In dieser Zeit war ich in San Remo sehr viel mit Engländern zusammen gewesen. Ich hatte erkannt, daß man dort nach München an sich, sich damit abgefunden hatte, und das auch befriedigend fand, aber ein weiteres Rühren an der Tschechoslowakei sehr große Erregung hervorrufen würde.

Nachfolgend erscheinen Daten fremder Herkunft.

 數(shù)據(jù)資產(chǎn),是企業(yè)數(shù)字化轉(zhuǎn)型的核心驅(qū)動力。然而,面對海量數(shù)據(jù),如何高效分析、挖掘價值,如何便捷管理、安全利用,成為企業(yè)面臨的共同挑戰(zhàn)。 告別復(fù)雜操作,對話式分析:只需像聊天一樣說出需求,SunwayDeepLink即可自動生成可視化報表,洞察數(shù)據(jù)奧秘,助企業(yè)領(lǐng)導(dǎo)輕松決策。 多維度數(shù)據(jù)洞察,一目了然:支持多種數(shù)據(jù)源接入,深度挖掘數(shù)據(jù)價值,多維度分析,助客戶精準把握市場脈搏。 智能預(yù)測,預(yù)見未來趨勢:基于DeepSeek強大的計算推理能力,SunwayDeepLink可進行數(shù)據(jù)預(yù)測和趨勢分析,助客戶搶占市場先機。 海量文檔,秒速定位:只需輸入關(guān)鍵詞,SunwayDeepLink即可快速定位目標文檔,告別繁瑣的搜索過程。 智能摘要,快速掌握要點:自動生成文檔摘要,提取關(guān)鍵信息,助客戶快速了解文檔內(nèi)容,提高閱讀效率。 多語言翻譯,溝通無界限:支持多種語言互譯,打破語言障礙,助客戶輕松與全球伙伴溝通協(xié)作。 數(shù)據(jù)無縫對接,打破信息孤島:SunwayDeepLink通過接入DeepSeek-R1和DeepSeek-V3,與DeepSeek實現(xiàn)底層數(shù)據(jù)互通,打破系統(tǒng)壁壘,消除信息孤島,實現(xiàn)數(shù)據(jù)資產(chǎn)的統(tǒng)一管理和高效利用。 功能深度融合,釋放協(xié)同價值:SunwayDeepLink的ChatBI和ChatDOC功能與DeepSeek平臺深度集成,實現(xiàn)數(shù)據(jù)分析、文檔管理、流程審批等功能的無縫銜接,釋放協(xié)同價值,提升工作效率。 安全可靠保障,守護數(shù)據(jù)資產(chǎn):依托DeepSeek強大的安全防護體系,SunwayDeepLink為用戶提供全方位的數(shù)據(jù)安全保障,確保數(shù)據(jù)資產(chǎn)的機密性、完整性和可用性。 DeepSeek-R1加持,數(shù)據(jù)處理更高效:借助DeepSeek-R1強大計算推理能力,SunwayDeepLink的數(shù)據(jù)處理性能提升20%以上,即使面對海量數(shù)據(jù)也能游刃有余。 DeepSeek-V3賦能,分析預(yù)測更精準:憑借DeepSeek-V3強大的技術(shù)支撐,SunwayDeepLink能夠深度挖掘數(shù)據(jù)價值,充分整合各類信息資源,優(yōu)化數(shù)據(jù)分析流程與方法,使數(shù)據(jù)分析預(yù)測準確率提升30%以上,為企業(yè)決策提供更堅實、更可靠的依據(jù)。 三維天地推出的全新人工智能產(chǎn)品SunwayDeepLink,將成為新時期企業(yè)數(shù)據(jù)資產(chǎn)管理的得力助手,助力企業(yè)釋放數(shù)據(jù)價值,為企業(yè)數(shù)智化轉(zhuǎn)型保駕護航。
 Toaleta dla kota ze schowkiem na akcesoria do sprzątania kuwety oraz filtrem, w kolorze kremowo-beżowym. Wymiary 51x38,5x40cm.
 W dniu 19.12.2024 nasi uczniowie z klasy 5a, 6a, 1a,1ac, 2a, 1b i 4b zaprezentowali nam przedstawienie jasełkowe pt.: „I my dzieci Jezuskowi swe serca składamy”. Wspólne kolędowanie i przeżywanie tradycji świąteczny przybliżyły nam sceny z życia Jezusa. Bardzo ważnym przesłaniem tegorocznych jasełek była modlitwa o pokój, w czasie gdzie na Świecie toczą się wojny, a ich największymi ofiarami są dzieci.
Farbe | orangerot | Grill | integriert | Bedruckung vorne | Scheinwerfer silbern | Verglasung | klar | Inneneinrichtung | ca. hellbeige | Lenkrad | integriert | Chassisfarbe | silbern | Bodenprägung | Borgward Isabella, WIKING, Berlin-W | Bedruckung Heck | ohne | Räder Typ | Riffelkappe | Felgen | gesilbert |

Ich gab dem Kurier einen Brief mit – vielleicht befindet er sich unter den mehreren Hundert Tonnen Papier, das die Anklagebehörde besitzt, ich würde auch verstehen, wenn sie ihn nicht vorlegt, es wäre für mich eine Entlastung. – In diesem Brief teilte ich dem Führer diesen Standpunkt mit, und schrieb ihm ungefähr dem Sinne nach: Daß, wenn jetzt dieses geschehe, das eine sehr starke Desavouierung des Englischen Premierministers Chamberlain wäre. Ich glaube kaum, daß er das durchstehen konnte, und es würde dann vielleicht Mr. Churchill kommen, und seine Einstellung zu Deutschland kenne er ja. Zum zweiten würde man das nicht verstehen, weil man gerade erst die Angelegenheit zur allgemeinen Befriedigung geklärt habe. Drittens glaubte ich, ihn beruhigen zu können in folgendem: Ich glaubte, daß das, was er jetzt durch Besetzung und Gefahrenmomente ausschalten wollte, auf etwas längerem Weg gehen könnte, unter völliger Schonung all der Momente, die sowohl die Tschechoslowakei als auch die anderen in Erregung bringen könnte; nämlich ich war davon überzeugt, daß, nachdem das Sudetenland abgetrennt war, und Österreich auch ein Bestandteil Deutschlands war, eine wirtschaftliche Durchdringung der Tschechoslowakei nur ein Problem der Zeit sein würde, das heißt, meine Hoffnung ging dahin, durch stärkste Bindung der wirtschaftlichen Interessen schließlich zu einer Verkehrs-, Zoll- und Währungsunion und zwar aus gegenseitigem gemeinsamem Interesse der Wirtschaft heraus zu gelangen. Sei dies aber der Fall, so sei auch politisch eine souveräne Tschechoslowakei so stark an Deutschland und mit Deutschland interessiert, daß ich glaubte, daß ein Gefahrenmoment dann nicht mehr auftreten könnte. Wenn aber die Slowakei die Selbständigkeitsbestrebungen in starkem Maße zum Ausdruck bringt, so brauchten wir dem ja keineswegs entgegentreten, im Gegenteil, man könne dies unterstützen; denn selbstverständlich sei dann eine wirtschaftliche Interessengemeinschaft und damit Durchdringung noch sehr viel näher herangerückt, wie im umgekehrten Fall, weil, wenn die Slowakei sich trennte, dann beide Länder wirtschaftlich so stark auf Deutschland angewiesen seien, daß man beide Länder wirtschaftlich aufs engste an Deutschland interessieren und fesseln könnte.

Mit diesem Brief – ich habe ihn sinngemäß zusammengefaßt – ging der Kurier zurück.

Ich hörte dann einige Tage nichts.

VORSITZENDER: Wäre das eine günstige Zeit, einen Augenblick zu unterbrechen?